Classifiers

Classifiers are algorithms that given two or more groups of samples, find the features that distinguish them the most. Different algorithms define "the most" differently, and we'll look into two of them.

Overfitting

Before we get started with using these algorithms, we're going to talk about overfitting.

In classical machine learning, overfitting is when you've fit your model so perfectly to your data that it's not generalizable to other cases. For example, you designed a cancer vs normal classifier algorithm that works perfectly in a single breast cancer dataset but when you try it on a new breast cancer dataset, it doesn't work.

Overfitting is a common newbie mistake that leads to bad things because not all of the "significant" features you found are actually useful - they randomly were higher or lower in your training data and thus the algorithm thought they were significant.

Source: http://scott.fortmann-roe.com/docs/MeasuringError.html

How to avoid overfitting

In machine learning, you often have a "gold standard" dataset from which you're learning the data (e.g. a manually curated face recognition dataset) and then a separate dataset that you test on.

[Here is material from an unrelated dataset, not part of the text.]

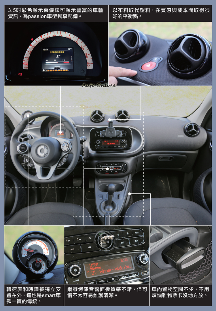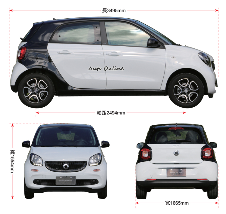 ![]() 過去我們曾經試駕過更經典的fortwo,對於forfour反倒比較少接觸,這次趁著新年式的推出,總算有機會把車借出來好好體驗“加長型”smart的特有樂趣。不過在介紹這款車之前,首先必須提醒大家別被它的四座設定所誤導!forfour雖然比起fortwo多了後座空間,但是車長仍然沒超過3.5公尺,距離大家所熟悉的Yaris、Fiesta、Fit等主流小車還是短了將近半公尺,算是屬於標準的迷你車級距。
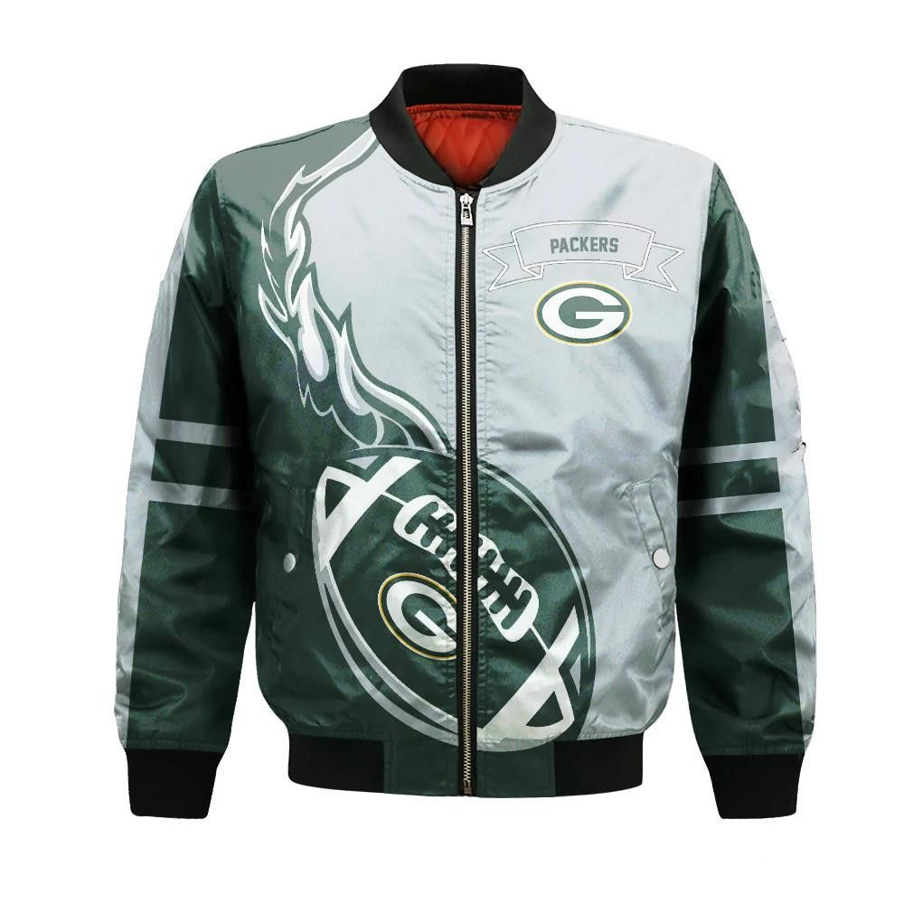 Green Bay Packers Bomber Jacket 3D Printed Flame Ball Pattern – livanniespoon Store

In biology, we tend to not have a good manually curated dataset for RNA-seq (though that would be very nice!!!), so what we do instead is split up our dataset to testing and training sets.

Training and test datasets

Rerunning classifiers

Another method you can use to prevent overfitting is rerunning your data multiple times on the same classifier, using different random seeds. A "random seed" is a starting point for random number generators. The code below uses the random number generator in Python to return a random integer from 0 to 100.

  1. Run the code below a few times to see different random numbers from 0 to 100.
  2. Uncomment (remove the "#" hash mark at the beginning of the line)
  3. Try changing the random seed (the number between the parentheses of random.seed() - right now it is 9)

In [112]:
import random

# Sets the random seed
#random.seed(9)

# Return a random integer from 0 to 100
random.randint(0, 100)


Out[112]:
59

Why does this matter to classifiers? Many times, they will pick a random set of features as an initial guess at the best discriminating features, and sometimes it gets lucky and sometimes it doesn't. You want to make sure that your classification features are robust to multiple different initializations.